Gi-Gyu dan Alberto cepat menjadi teman. Mungkin karena Alberto adalah orang yang optimis. Atau mungkin karena sebagai manajer cabang, dia harus ramah dan memiliki keterampilan sosial yang hebat.
‘ *Mungkin aku menyukainya karena dia sangat mirip dengan Sung-Hoon.’ *Gi-Gyu menggigit es krimnya dan tersenyum.
Gi-Gyu menjawab, “Ngomong-ngomong, kau jago dalam hal ini, ya?”
“Yah, aku menjadi manajer cabang bukan karena kemampuan sepak bolaku, itu sudah pasti,” gumam Alberto dengan mulut penuh es krim.
Mereka sedang berkeliling Bukit Capitoline, tempat wisata populer di Roma. Gi-Gyu dan El adalah dua individu yang mempesona, tetapi tidak ada yang menatap mereka meskipun itu adalah reaksi yang wajar. Semua ini berkat kemampuan Alberto.
Gi-Gyu sudah bisa menebak level Alberto sejak pertama kali mereka bertemu. Alberto tidak lemah, tetapi dia juga bukan petarung peringkat tinggi.
“Aku pemain kategori pendukung yang cukup terkenal. Tapi, itu bukan sesuatu yang perlu dibanggakan di hadapanmu, Tuan Morningstar,” jelas Alberto. Levelnya rendah, tetapi dia memiliki keterampilan luar biasa dan pekerjaan yang unik. Dia bisa menggunakan semua keterampilan pendukungnya yang tak terhitung jumlahnya dengan ahli.
Alberto telah menggunakan kemampuan Gangguan Kognitifnya pada Gi-Gyu dan El agar masyarakat umum tidak memperhatikan mereka.
Jika pemain yang luar biasa kuat muncul atau seseorang yang berpangkat tinggi di Caravan Guild datang, keadaan mungkin akan berbeda. Tetapi Gi-Gyu telah membuat rencana untuk situasi seperti itu. Dengan menggunakan sinkronisasi sementara mereka, dia telah terhubung ke kemampuan Alberto. Sekarang, hanya mereka yang lebih kuat dari Gi-Gyu atau yang memiliki kemampuan deteksi khusus yang dapat melihat melalui ini.
‘ *Aku bisa menggunakan keahlian Halloween itu, tapi…’*
Gi-Gyu memiliki kemampuan bernama Halloween, yang ia peroleh saat ia menyatu dengan Rohan.
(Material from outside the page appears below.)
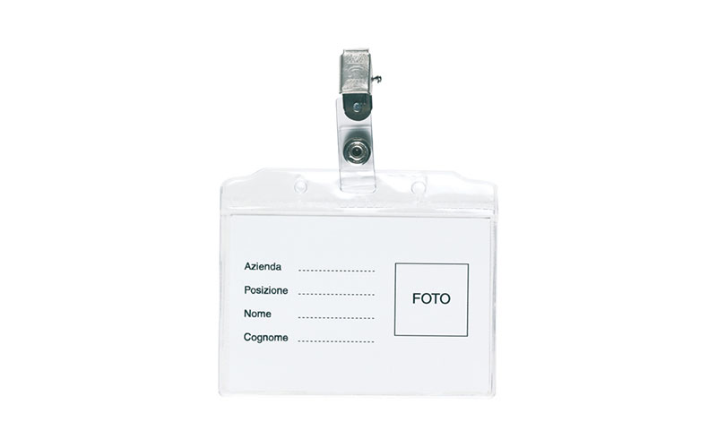 Portabadge in pvc trasparente, clip nichelata, cartoncino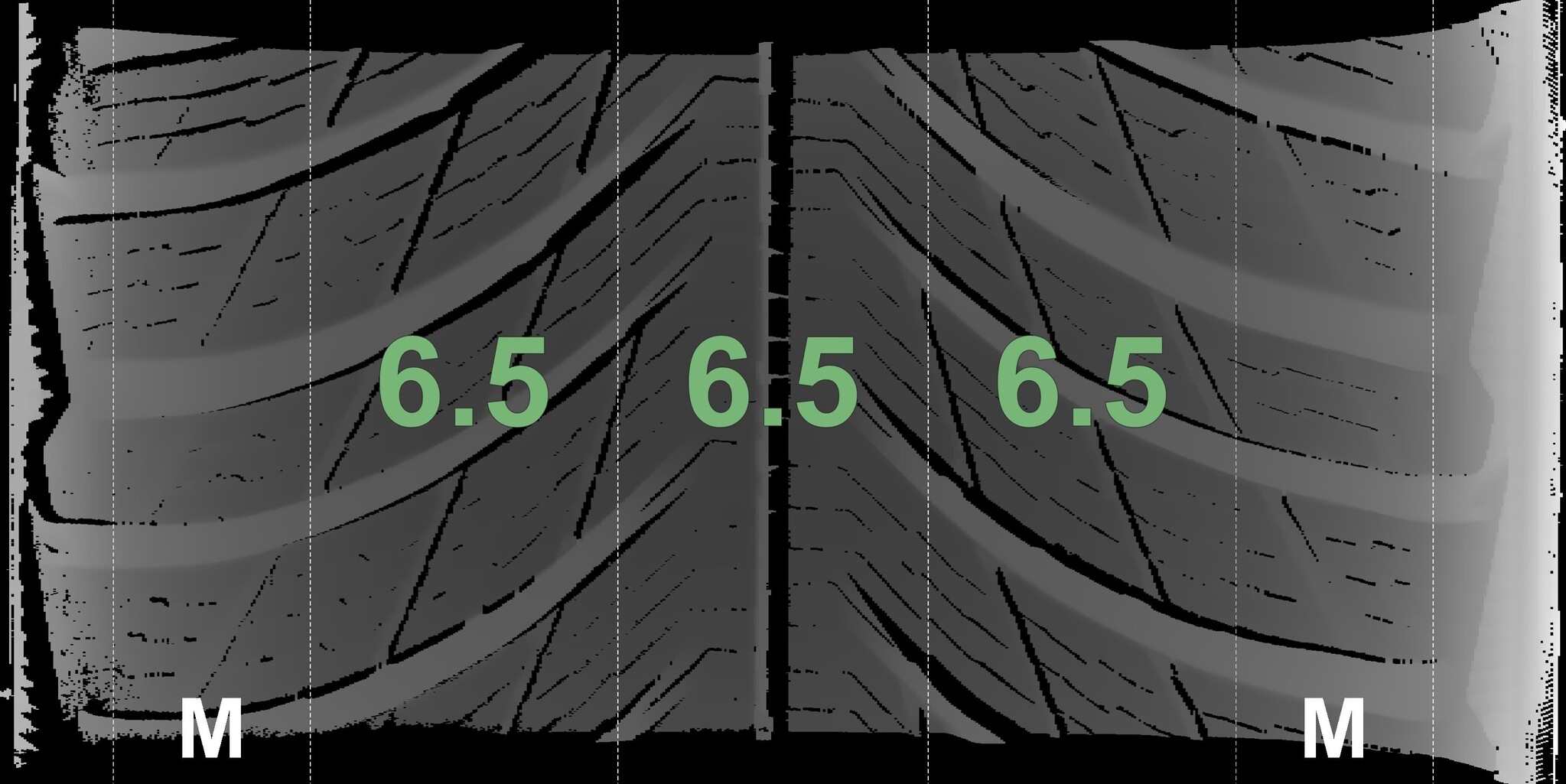 | Condition | Profile depth | DOT | Front Left | Demo studs still visible | 6.5 mm | 3119 |

Ia dapat mengubah penampilannya menggunakan kemampuan itu, dan hanya yang terkuat yang dapat melihat perubahan tersebut.
Namun, kemampuan itu tidak bisa digunakan pada El dan memiliki keterbatasan lain yang menjengkelkan. Inilah mengapa Gi-Gyu menerima bantuan Alberto.
“Hmm…”
“Ada apa?” tanya Alberto.
“Ada sesuatu yang terasa aneh.” Gi-Gyu melihat sekeliling dan menjawab, “Aku bisa melihat bahwa ini hanyalah orang-orang biasa yang menjalani kehidupan sehari-hari mereka, tapi…”
Pemandangan di hadapannya terasa aneh. Dia menoleh ke arah El dan melihat bahwa El juga tampak sedikit kaku.
“Mungkin karena”—Alberto membuka mulutnya—“tingkat kejahatan di Roma meningkat akhir-akhir ini. Pembunuhan dan pembakaran terjadi lebih sering.”
“…”
“Pemerintah berusaha menyembunyikannya sebisa mungkin, tetapi warga setempat merasakan ada sesuatu yang tidak beres. Para pemain dari departemen kepolisian berusaha menangkap para penjahat ini, tetapi…” Dengan raut wajah khawatir, Alberto berkata, “Mereka kembali dalam keadaan terluka, atau kami menerima laporan tentang kebrutalan polisi. Kami harus secara rutin mengirim banyak pemain, yang merupakan masalah besar.”
“Kekerasan polisi?” tanya Gi-Gyu.
Alberto melihat sekeliling dengan ragu-ragu sebelum berbisik, “Aku sedang membicarakan tentang para penjahat yang mati.”
“Kurasa sebagian besar penjahat ini adalah pemain?” Jika tidak, situasinya akan tidak logis. Lagipula, para pemain di departemen kepolisian bukanlah orang lemah, jadi bagaimana mungkin orang yang bukan pemain bisa melukai mereka atau bahkan memaksa mereka melakukan sesuatu yang brutal?
“Itulah masalahnya,” jawab Alberto.
“Maaf?”
“Sebagian besar penjahat sebenarnya bukan pemain.”
Ketika Alberto menjawab, Gi-Gyu dan El saling pandang.
***
Setelah menyelesaikan semua agenda hari ini, Gi-Gyu dan El kembali ke hotel. Mereka tidak mempelajari sesuatu yang bermanfaat; mereka masih merasa ada sesuatu yang tidak beres.
*Berdebar.*
Selain itu, jantung Gi-Gyu berdebar kencang secara acak.
“Tuan! Apakah Anda baik-baik saja?”
“Ah, ya.”
Jawaban Gi-Gyu tenang, tetapi El tetap merasa khawatir. Dia bertanya, “Bolehkah saya memeriksa Anda?”
Mereka sendirian di kamar hotel mewah.
Gi-Gyu menjawab, “Tidak, aku sudah mengecek sendiri. Kamu tidak perlu khawatir.”
Gi-Gyu tidak ingin membuat El khawatir, tetapi El tetap tampak tidak puas.
Gi-Gyu melanjutkan, “Ada sesuatu yang sangat salah.”
“Apakah yang Anda maksud adalah orang-orang yang bukan pemain dapat mencederai para pemain?”
“Ya, tapi masih ada lagi…” Gi-Gyu terhenti.
Mereka telah menghabiskan sepanjang hari di Roma dan mendapati kota itu sangat tenang.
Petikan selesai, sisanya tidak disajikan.